Study material.

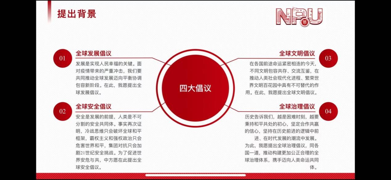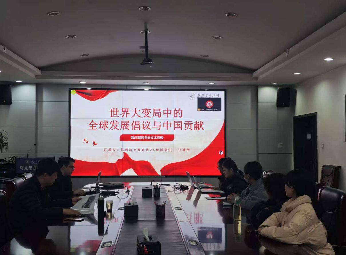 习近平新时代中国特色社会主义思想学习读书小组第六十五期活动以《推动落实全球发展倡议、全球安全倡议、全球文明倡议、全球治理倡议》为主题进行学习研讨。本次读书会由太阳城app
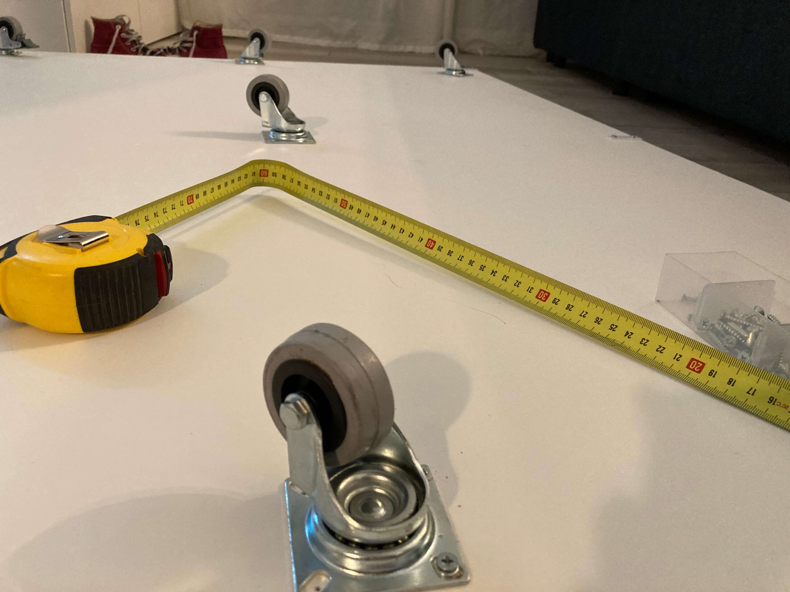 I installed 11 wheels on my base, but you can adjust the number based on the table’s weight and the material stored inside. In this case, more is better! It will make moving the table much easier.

--

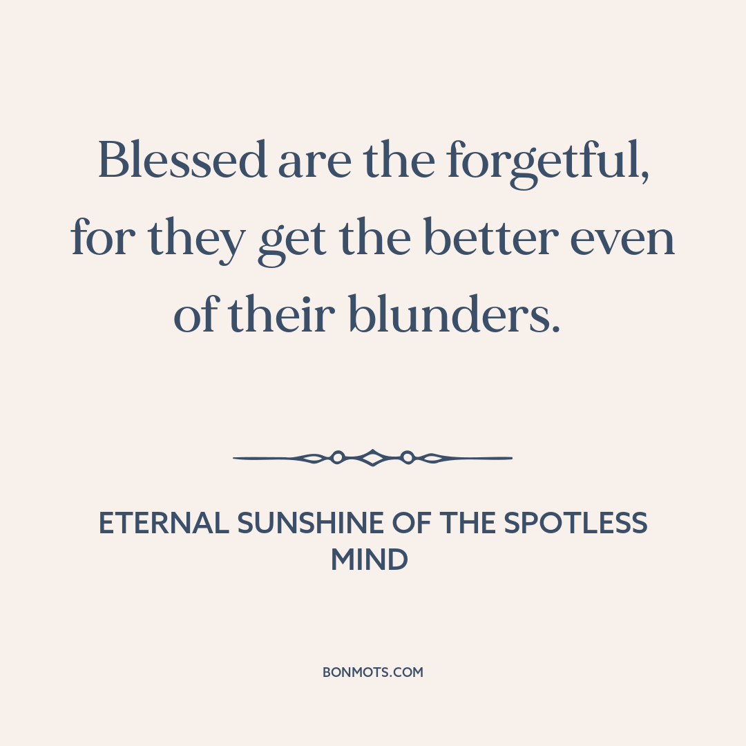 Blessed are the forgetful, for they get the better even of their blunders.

Try it.
Nothing outside the stretch above, from the line with "习近平新时代中国特色社会主义" through the line with "I installed 11", is set down. Transcribe that stretch exactly, ends included, but not its pictures.

Response.
 习近平新时代中国特色社会主义思想学习读书小组第六十五期活动以《推动落实全球发展倡议、全球安全倡议、全球文明倡议、全球治理倡议》为主题进行学习研讨。本次读书会由太阳城app
 I installed 11 wheels on my base, but you can adjust the number based on the table’s weight and the material stored inside. In this case, more is better! It will make moving the table much easier.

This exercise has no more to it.